In this paper, we mainly focus on the spread and control of the second wave of epidemics in China. Different countries have different ideologies and adopt different strategies to deal with the spread of the epidemic. This has led to the failure of countries around the world to quickly form an effective control strategy, making the epidemic still spreading so far. Therefore, it is important to study the spread of the disease in the context of relevant national and regional control policies. The mathematical model established by scholars has theoretical guidance for epidemic control. Therefore, the established model must be combined with the actual situation of the country, and the proposed control strategy can be implemented.

In this work, we investigated the case data and regularity in four cities: Beijing, Liaoning, Urumqi, and Kashgar. Mining the regularity of the data in detail lays the foundation for the establishment of mathematical models and parameter selection for numerical simulation. Furthermore, a two-stage SC-SCIRS epidemic model with traceability characteristics and dynamic control strategy was established, and the dynamic behavior of the model was studied. Specifically, the existence and stability of the disease-free equilibrium point of the model and the sensitivity of the basic regeneration number to the parameters have been rigorously demonstrated. Additionally, considering the control cost and treatment cost, the existence of the optimal control strategy is proved. Numerical simulation verified and extended the theoretical results. In particular, we constructed a three-stage function in u(t) is based on the four sets of data. This control function can adjust the intensity in time based on the outbreak of the epidemic. This control function can adjust the intensity appropriately based on the outbreak situation of the epidemic. And through numerical simulation, it is proved that the effect of dynamic control strategy is better than that control strategy with fixed intensity.

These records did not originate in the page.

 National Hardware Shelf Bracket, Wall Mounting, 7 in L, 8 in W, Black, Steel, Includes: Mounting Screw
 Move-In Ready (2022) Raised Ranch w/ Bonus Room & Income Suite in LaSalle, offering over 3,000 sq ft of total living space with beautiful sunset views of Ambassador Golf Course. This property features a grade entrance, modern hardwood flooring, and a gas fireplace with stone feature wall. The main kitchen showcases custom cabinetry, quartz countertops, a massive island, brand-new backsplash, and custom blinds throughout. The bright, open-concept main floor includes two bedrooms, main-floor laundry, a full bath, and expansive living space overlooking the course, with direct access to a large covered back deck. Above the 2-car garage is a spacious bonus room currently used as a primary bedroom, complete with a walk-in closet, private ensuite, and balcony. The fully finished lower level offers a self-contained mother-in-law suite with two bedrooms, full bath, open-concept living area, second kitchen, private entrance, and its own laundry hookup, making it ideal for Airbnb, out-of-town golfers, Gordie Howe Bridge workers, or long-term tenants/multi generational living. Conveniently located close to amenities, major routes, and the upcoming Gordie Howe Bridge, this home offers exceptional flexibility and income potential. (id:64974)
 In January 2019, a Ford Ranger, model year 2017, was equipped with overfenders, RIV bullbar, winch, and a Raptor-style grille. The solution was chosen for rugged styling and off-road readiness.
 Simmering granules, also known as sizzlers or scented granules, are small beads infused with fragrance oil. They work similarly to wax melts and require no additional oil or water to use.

An important conclusion is that controlling the class contacts with others is an effective measure to curb the spread of the epidemic. In addition, a dynamic control strategy based on the regularity of actual data was constructed and its effectiveness was verified. This strategy is feasible and can provide feasible theoretical guidance for disease control departments.

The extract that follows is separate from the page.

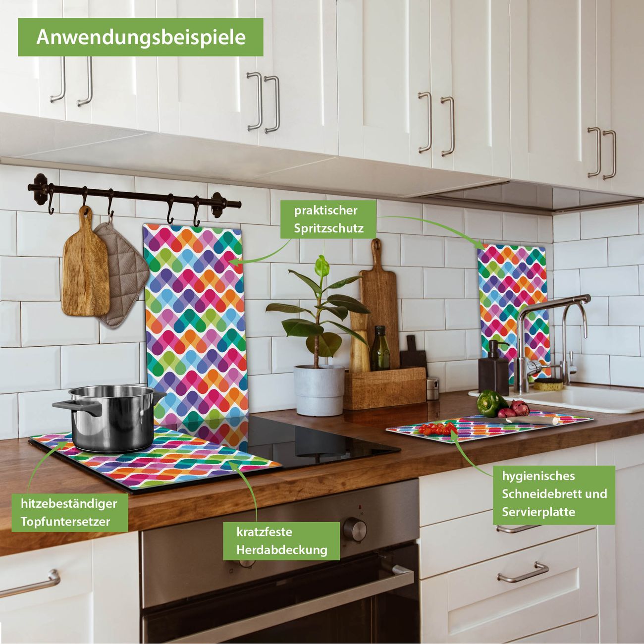 VIELSEITIG: Die Ceranfeldabdeckung ist vielseitig einsetzbar: ob als Spritzschutz hinter dem Herd für Ihre Küche oder als Glas Schneidebrett als hygienische und geruchsneutrale Unterlage. Sie können ebenfalls heiße Töpfe und Pfannen bis 100°C auf der Herdplattenabdeckung abstellen. Sie erhalten ein Multitalent für Ihre Küche. Die banjado Herdabdeckplatte aus Glas mit Motiv Bunte Ketten verdeckt mit einem schönen Motiv Ihr Ceranfeld bzw. Ihren Induktionsherd. Die Herdabdeckplatte ist vielseitig einsetzbar und passt sich dabei Ihrem Einrichtungsstil an. DESIGN: Die Herdabdeckung Bunte Ketten besteht aus hochwertigem, gehärtetem Glas mit einem unserer zahlreichen Motive. Sie haben die Wahl zwischen verschiedenen Maßen von einteiligen, zweiteiligen und einer dreiteiligen Herdabdeckung. Wählen Sie was zu Ihrer Einrichtung passt! DETAILS: Die Herdabdeckplatte ist vielseitig einsetzbar. Die Ecken sind für mehr Sicherheit dezent abgerundet, das Glas ist gehärtet. Sie erhalten separate Gummi Abstandshalter, damit Ihre Abdeckung rutschfest auf dem Herd steht. Diese können Sie frei positionieren, sodass die Herdabdeckung perfekt auf Ihrem Ceranfeld sitzt. BANJADO: Wir sind ein kleines Team aus dem Herzen von Sachsen und fertigen jeden Artikel nach Bestellung eigens für Sie an. Sie erhalten also keine preiswerte Importware, sondern Handarbeit. Auf Wunsch sind auch andere Farben und Größen möglich, kontakierten Sie uns gern.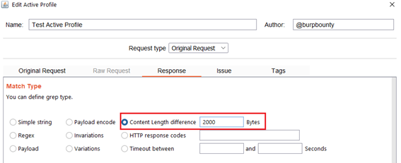 Content length difference: This option finds the difference between the content length (in bytes) of the response of the original HTTP request and the responses of the requests modified with the payloads.

The model established in this paper is closely integrated with China’s current epidemic management policy. For example, when a case is diagnosed, the official website will promptly report its trajectory and look for people in the same vehicle. This process corresponds to the two equations of the first stage in model (1). Because the model in this paper is based on existing data and policies, the epidemic in China has achieved good results and is consistent with the conclusions in the paper, which is the application and effective verification of our research results. Our research focuses on finding the optimal control strategy between epidemic control and economic development. This is a serious problem facing the world, especially in countries with more severe epidemics. In the future work, we will promote our research methods and results, establish epidemic models applicable to different national conditions and policies, and provide feasible suggestions for countries around the world to adopt effective control strategies.